What to do: Print the lines that start the entries and continue through the one holding "miteinander koppeln. Als", please, exactly and with the pictures omitted.

(Items listed in a dataset)
========================
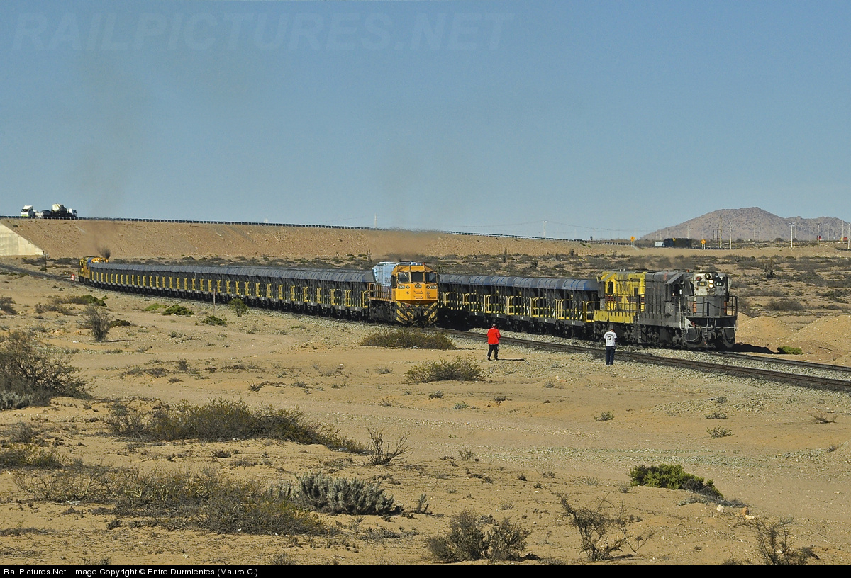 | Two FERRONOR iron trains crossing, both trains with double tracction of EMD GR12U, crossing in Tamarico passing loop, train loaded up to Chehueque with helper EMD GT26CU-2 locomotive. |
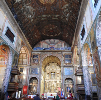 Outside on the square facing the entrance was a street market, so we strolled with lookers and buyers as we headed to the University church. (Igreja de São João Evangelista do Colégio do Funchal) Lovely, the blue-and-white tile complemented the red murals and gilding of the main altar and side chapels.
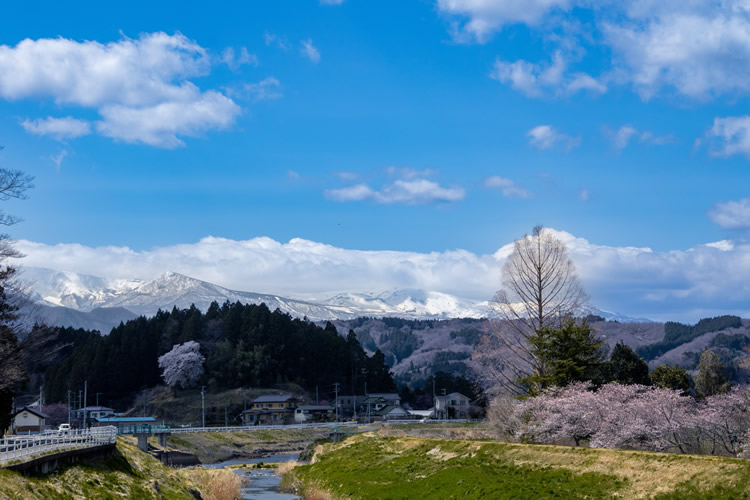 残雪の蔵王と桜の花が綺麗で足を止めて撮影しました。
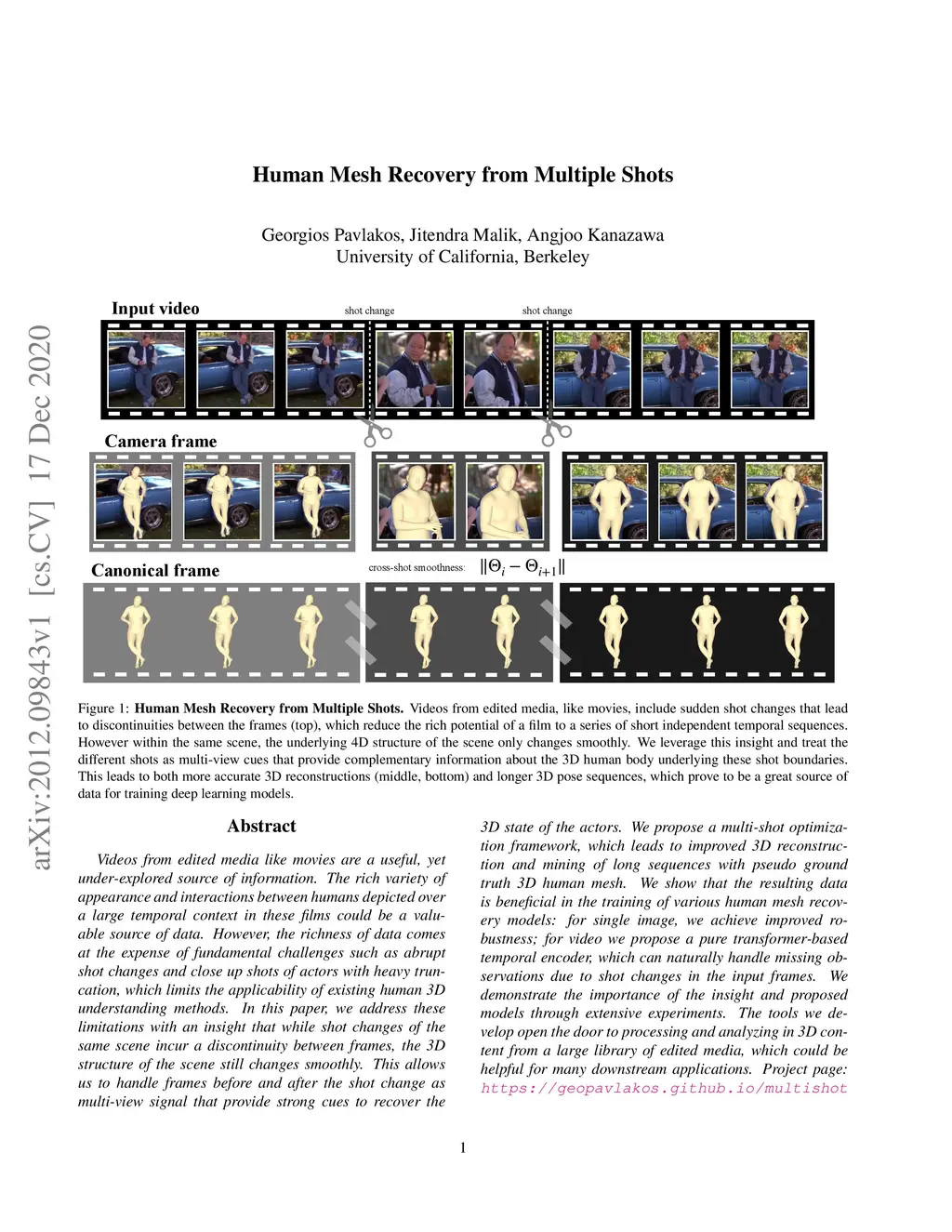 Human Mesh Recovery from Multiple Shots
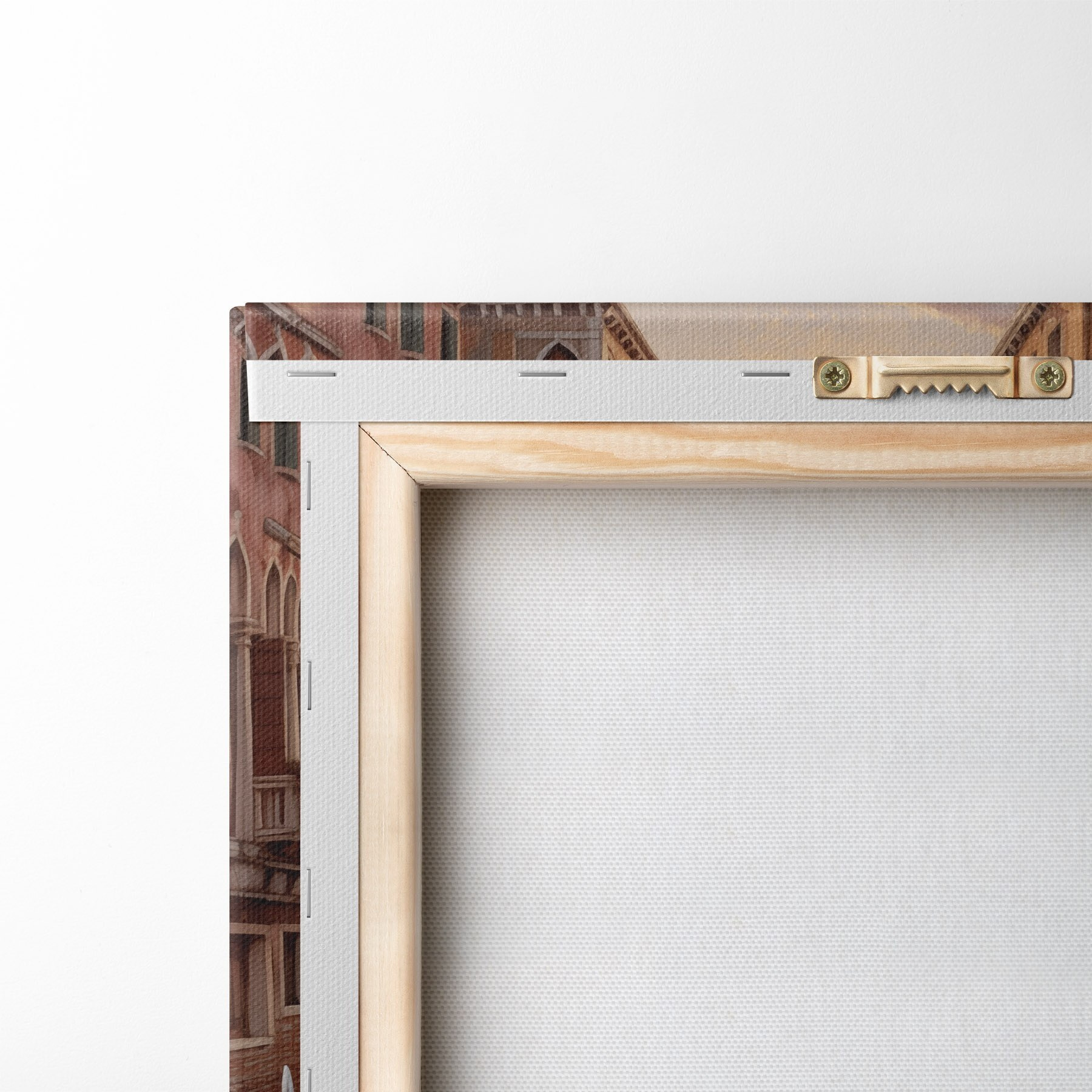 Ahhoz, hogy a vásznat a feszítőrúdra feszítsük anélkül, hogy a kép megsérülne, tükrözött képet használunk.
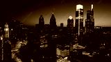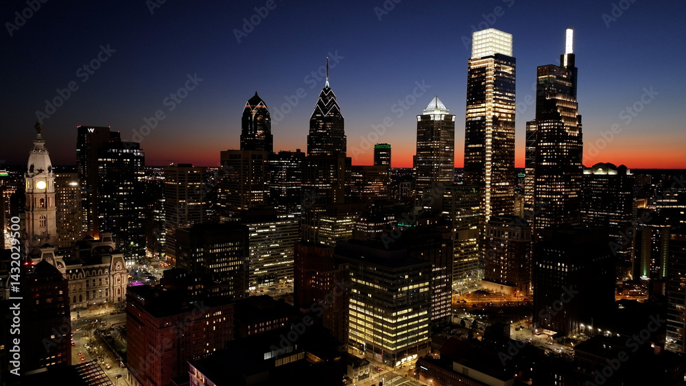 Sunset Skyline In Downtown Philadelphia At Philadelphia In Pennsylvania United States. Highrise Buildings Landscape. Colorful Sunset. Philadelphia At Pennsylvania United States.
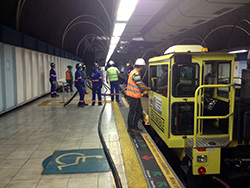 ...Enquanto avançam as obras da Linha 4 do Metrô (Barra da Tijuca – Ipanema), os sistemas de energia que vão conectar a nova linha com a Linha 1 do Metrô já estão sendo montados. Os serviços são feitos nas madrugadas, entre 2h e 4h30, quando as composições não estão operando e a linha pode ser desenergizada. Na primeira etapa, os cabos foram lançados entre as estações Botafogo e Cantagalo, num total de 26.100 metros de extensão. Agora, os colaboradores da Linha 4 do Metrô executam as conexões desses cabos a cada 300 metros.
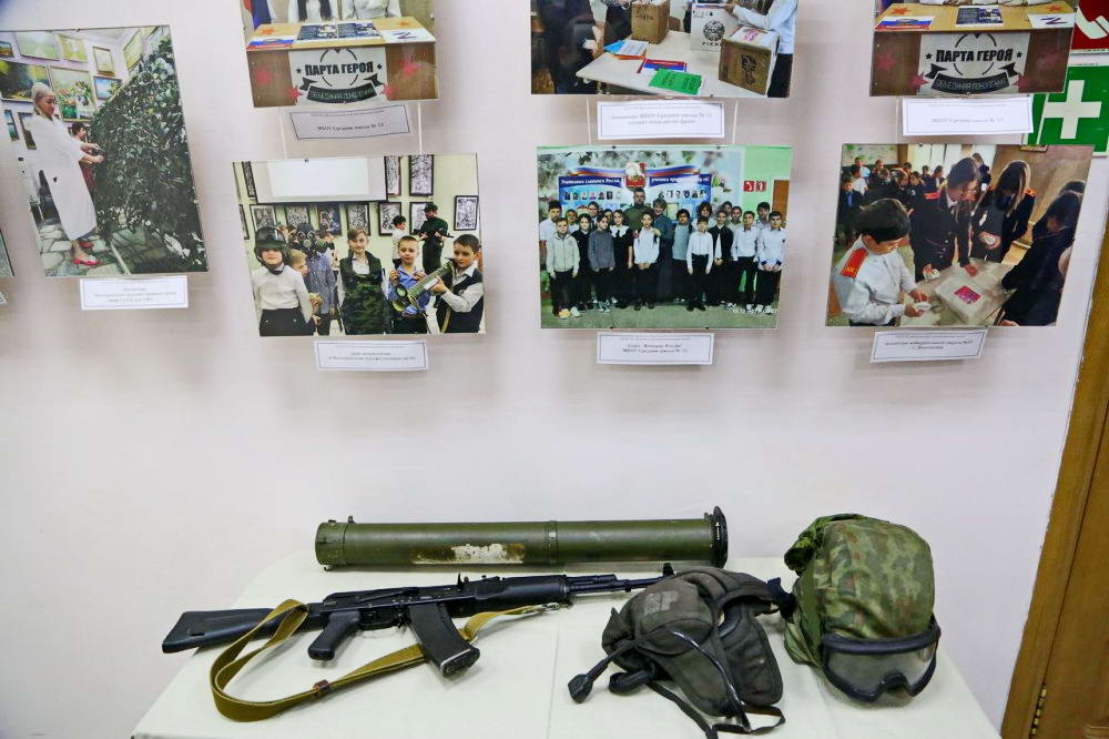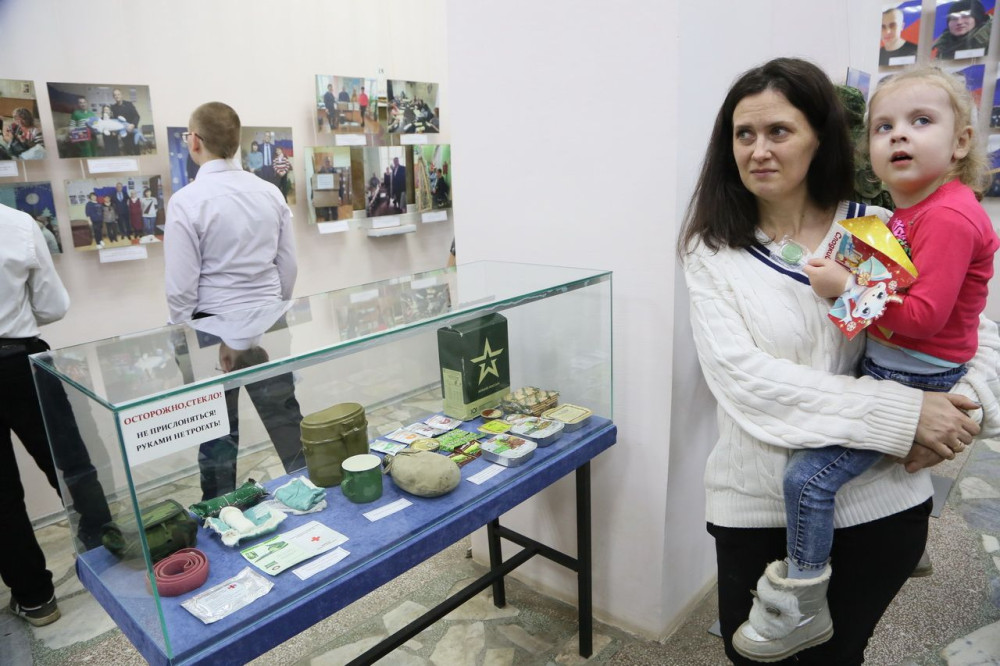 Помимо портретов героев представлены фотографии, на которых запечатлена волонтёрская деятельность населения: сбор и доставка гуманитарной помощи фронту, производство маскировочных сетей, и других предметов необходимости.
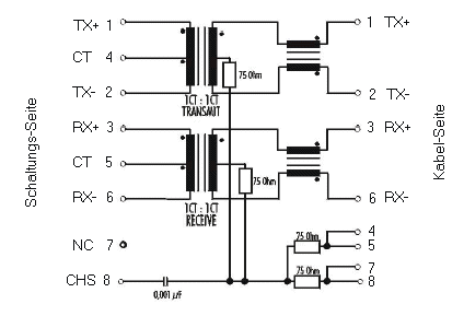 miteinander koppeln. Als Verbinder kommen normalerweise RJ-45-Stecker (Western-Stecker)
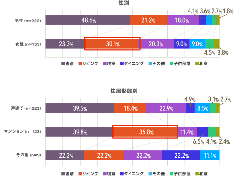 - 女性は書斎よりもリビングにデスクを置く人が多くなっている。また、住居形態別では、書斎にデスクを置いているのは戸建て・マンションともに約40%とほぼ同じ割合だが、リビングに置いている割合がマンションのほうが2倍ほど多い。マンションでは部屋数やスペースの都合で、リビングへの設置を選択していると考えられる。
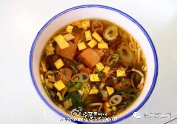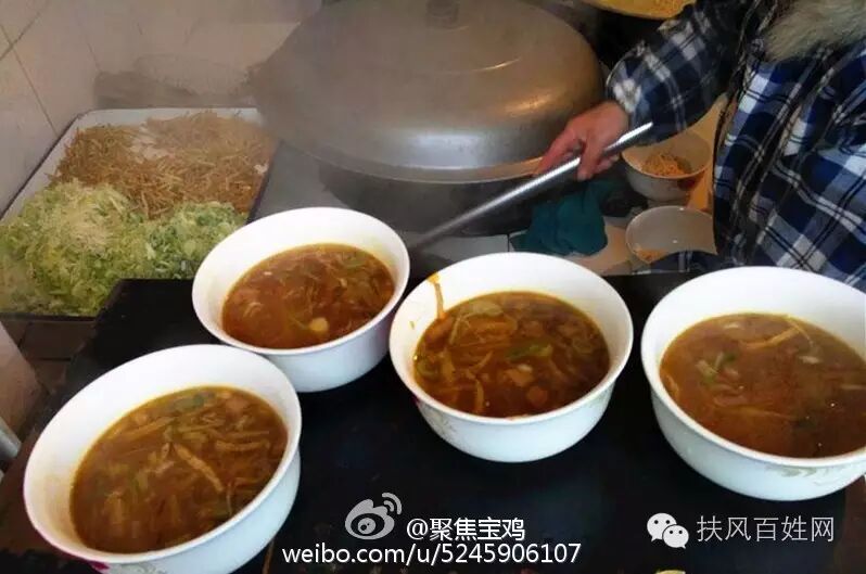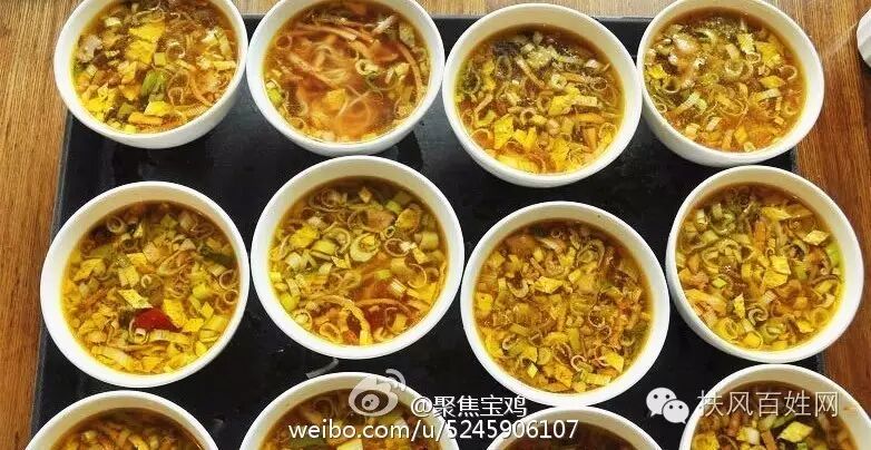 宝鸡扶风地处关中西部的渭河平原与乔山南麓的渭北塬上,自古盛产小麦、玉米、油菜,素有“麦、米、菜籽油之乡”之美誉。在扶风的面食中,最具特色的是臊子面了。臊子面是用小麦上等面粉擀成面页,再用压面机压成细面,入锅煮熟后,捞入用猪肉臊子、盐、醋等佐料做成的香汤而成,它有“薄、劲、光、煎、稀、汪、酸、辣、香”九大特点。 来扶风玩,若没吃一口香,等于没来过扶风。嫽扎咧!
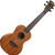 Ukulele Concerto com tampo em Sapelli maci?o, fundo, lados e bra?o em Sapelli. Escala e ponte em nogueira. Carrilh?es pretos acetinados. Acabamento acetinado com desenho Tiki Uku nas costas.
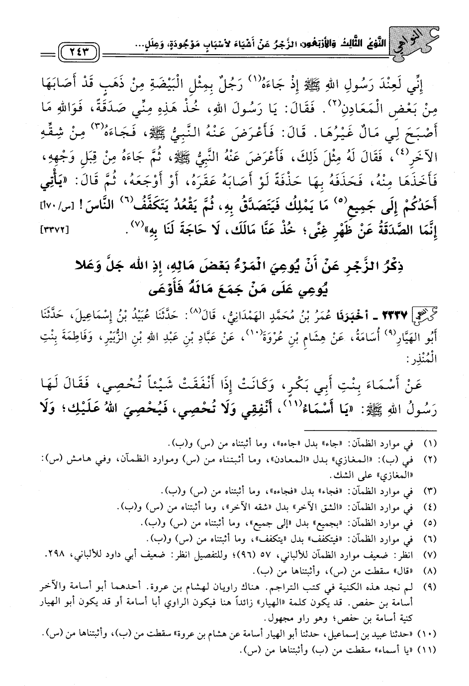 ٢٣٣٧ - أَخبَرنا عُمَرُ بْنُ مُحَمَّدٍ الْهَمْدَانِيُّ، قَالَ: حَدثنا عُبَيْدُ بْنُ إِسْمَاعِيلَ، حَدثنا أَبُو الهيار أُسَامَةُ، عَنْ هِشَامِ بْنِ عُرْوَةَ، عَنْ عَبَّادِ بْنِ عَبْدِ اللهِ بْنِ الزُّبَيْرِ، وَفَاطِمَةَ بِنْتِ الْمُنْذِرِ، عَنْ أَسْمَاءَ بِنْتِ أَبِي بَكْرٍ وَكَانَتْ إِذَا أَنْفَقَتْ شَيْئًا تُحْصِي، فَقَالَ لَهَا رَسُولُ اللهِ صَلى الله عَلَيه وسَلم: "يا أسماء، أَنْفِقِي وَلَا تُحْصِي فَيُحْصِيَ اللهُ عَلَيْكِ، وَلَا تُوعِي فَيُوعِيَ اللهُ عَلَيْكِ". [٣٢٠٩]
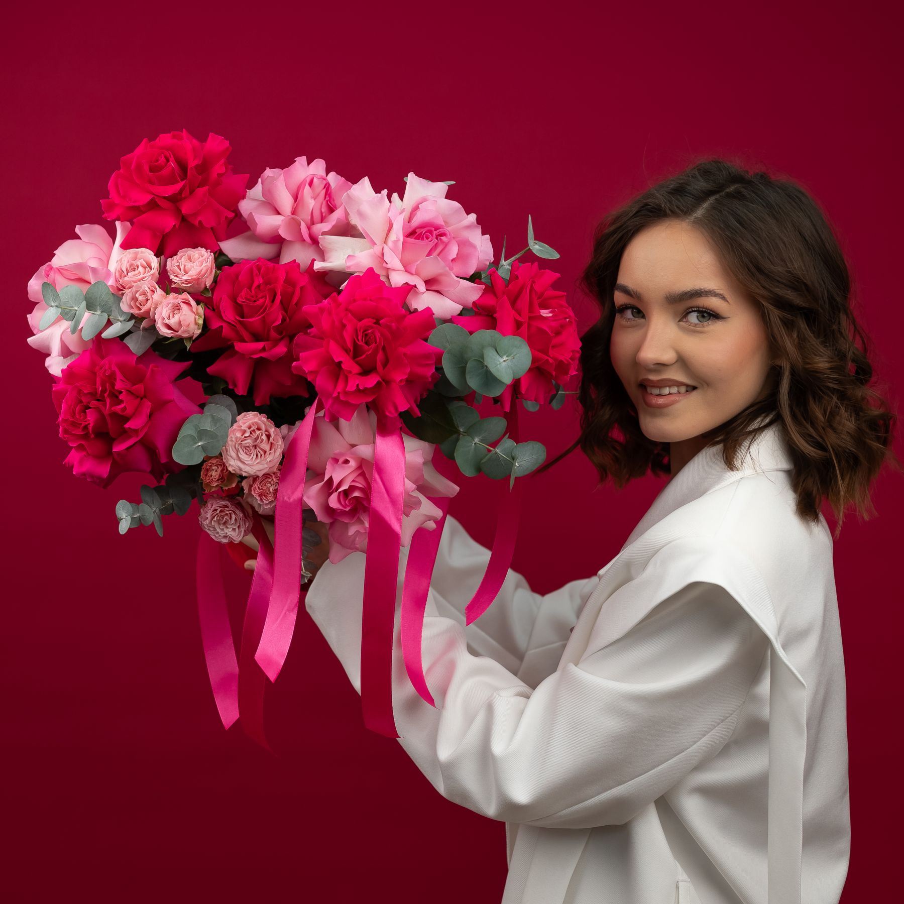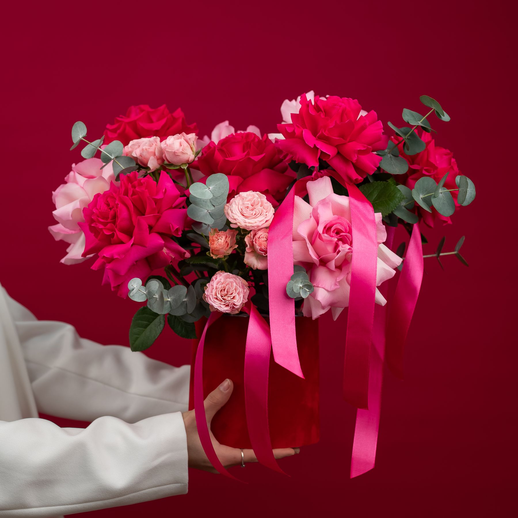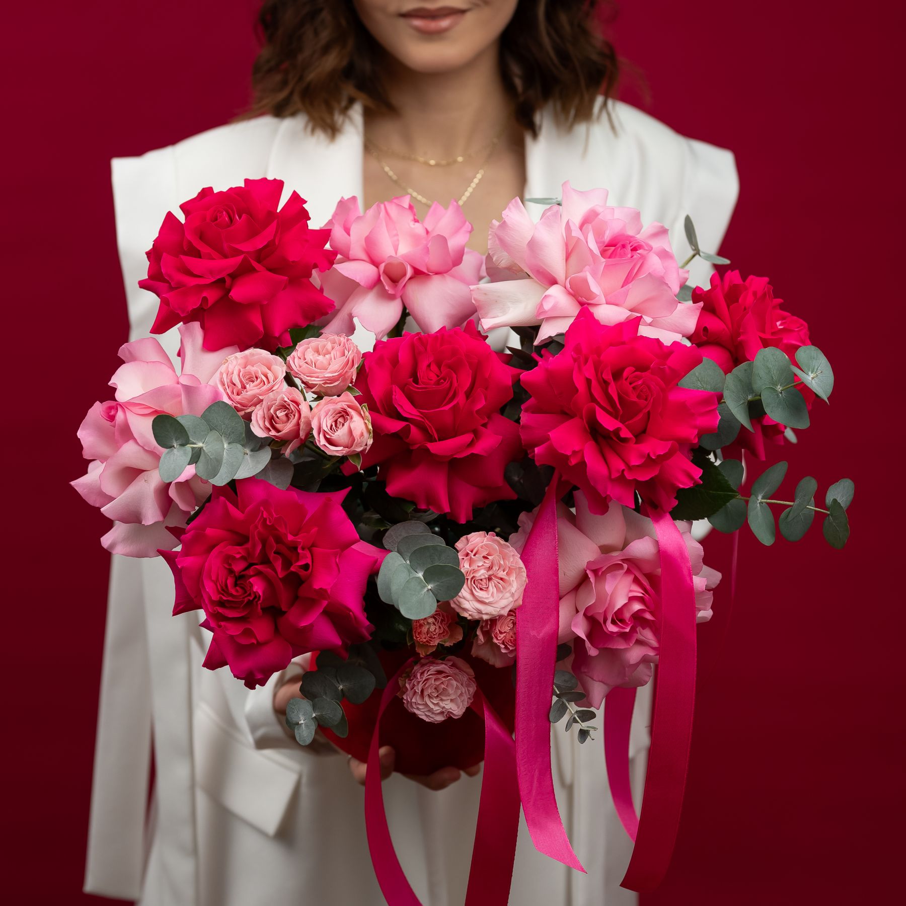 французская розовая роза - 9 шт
========================
Answer box:
 | Two FERRONOR iron trains crossing, both trains with double tracction of EMD GR12U, crossing in Tamarico passing loop, train loaded up to Chehueque with helper EMD GT26CU-2 locomotive. |
 Outside on the square facing the entrance was a street market, so we strolled with lookers and buyers as we headed to the University church. (Igreja de São João Evangelista do Colégio do Funchal) Lovely, the blue-and-white tile complemented the red murals and gilding of the main altar and side chapels.
 残雪の蔵王と桜の花が綺麗で足を止めて撮影しました。
 Human Mesh Recovery from Multiple Shots
 Ahhoz, hogy a vásznat a feszítőrúdra feszítsük anélkül, hogy a kép megsérülne, tükrözött képet használunk.
 Sunset Skyline In Downtown Philadelphia At Philadelphia In Pennsylvania United States. Highrise Buildings Landscape. Colorful Sunset. Philadelphia At Pennsylvania United States.
 ...Enquanto avançam as obras da Linha 4 do Metrô (Barra da Tijuca – Ipanema), os sistemas de energia que vão conectar a nova linha com a Linha 1 do Metrô já estão sendo montados. Os serviços são feitos nas madrugadas, entre 2h e 4h30, quando as composições não estão operando e a linha pode ser desenergizada. Na primeira etapa, os cabos foram lançados entre as estações Botafogo e Cantagalo, num total de 26.100 metros de extensão. Agora, os colaboradores da Linha 4 do Metrô executam as conexões desses cabos a cada 300 metros.
 Помимо портретов героев представлены фотографии, на которых запечатлена волонтёрская деятельность населения: сбор и доставка гуманитарной помощи фронту, производство маскировочных сетей, и других предметов необходимости.
 miteinander koppeln. Als Verbinder kommen normalerweise RJ-45-Stecker (Western-Stecker)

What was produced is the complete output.